In this research work, we used the heart disease dataset obtained from the UCI Machine Learning to develop intelligent systems using data mining and GAM for diagnosis of heart disease. The results obtained from these systems were compared and the highest recognition rate obtained was taken as the best system for diagnosis of heart disease. This system will solve the problem of misdiagnose of heart disease and also try to identify the risk or important biomedical parameters responsible for probable heart disease. This can guide the doctors about prognostic factors and patients for greater awareness regarding heart disease.

## MATERIALS AND METHODS

#### MATERIALS

The present article is considered 270 heart disease patients with 14 factors or variables. The current secondary data set is taken from the report. The data set can be downloaded at http://archive.ics.uci.edu/ml/datasets.html. Description of the covariates, factors and their levels are described in Table 1. The summarized statistics such as the mean, standard deviation, and proportion of the levels are given in Table 1. The current data contains 5 continuous variables and 9 attribute characters. The description of each variable or attribute character, attribute levels, and how they are operationalized in the present report is displayed in Table 1. Here present or absent of heart disease in patient is playing a role of dependent variable (for regression) or output variable (for classification) and rest of the variables are playing the role of independent variables/ cofactors.

#### METHODS

In this present article data mining techniques with sensitivity analysis is performed for diagnosis of the heart disease and tried to find out the important factors which are most responsible in this diagnostic work respectively. Apart from this, the generalized additive logistic models are also applied to find the risk factors for heart disease. In case of data mining Multi-Layer Perceptrons ensembles (MLPE), Support vector machines (SVM) are used for classification and there after Sensitivity analysis done only upon the best model out of this classifier for this heart disease data set.^{20}

Best GAM^{32} model can be selected through some model checking criteria namely R square value, AIC or UBRE value and regression diagnostic plots like normal probability plot, Residuals against fitted value plot etc.^{14,32} Cofactors are significant or not judged through p-value. For this heart disease data set Absence and presence of heart disease is taken as response variable (Y), and Age, Sex, chest pain type, resting blood pressure, serum cholesterol, fasting blood sugar, resting ECG results, maximum heart rate achieved, exercise induced angina, oldpeak, slope of the peak exercise ST segment, number of major vessels, thal (thallium scan) are the cofactors (X’_{i} s).

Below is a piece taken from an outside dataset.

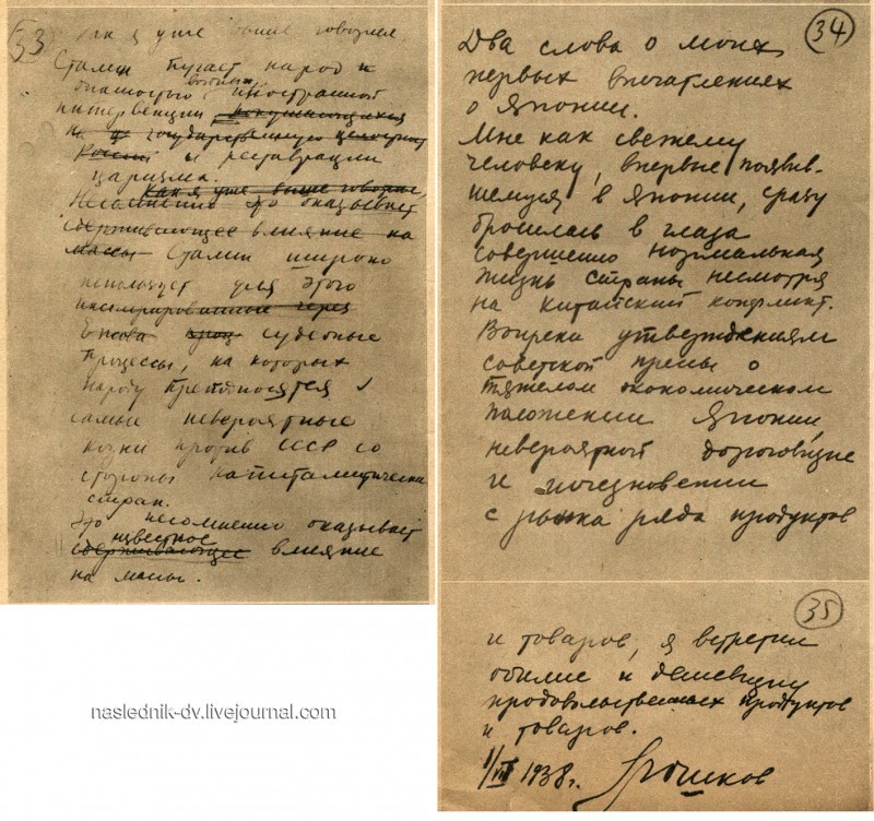"Сталин пугает народ опасностью иностранной интервенции и реставрации царизма. Сталин широко использует для этого судебные процессы, на которых народу преподносятся самые невероятные козни против СССР со стороны капиталистических стран. Это несомненно оказывает известное влияние на массы. Два слова о моих первых впечатлениях от Японии. Мне как свежему человеку, впервые появившемуся в Японии, сразу бросилась в глаза совершенно нормальная жизнь страны, несмотря на китайский конфликт. Вопреки утверждениям советской прессы о тяжелом экономическом положении Японии, невероятной дороговизне и исчезновении с рынка ряда продуктов и товаров, я встретил обилие и дешевизну продовольственных продуктов и товаров. 1 июля 1938 год".

Data mining techniques want to classify the data using different classifiers whereas GAM wants to identify the risk factors for this disease. The brief descriptions of the used methods are given below.

#### Data Mining Techniques

DM is an iterative process that consists of several steps. The CRISP-DM,^{33} a tool-neutral methodology supported by the industry (e.g. SPSS, DaimlerChryslyer) partitions a DM project into 6 phases: 1. business understanding; 2. data understanding; 3. data preparation; 4. modeling; 5. evaluation; and 6. deployment.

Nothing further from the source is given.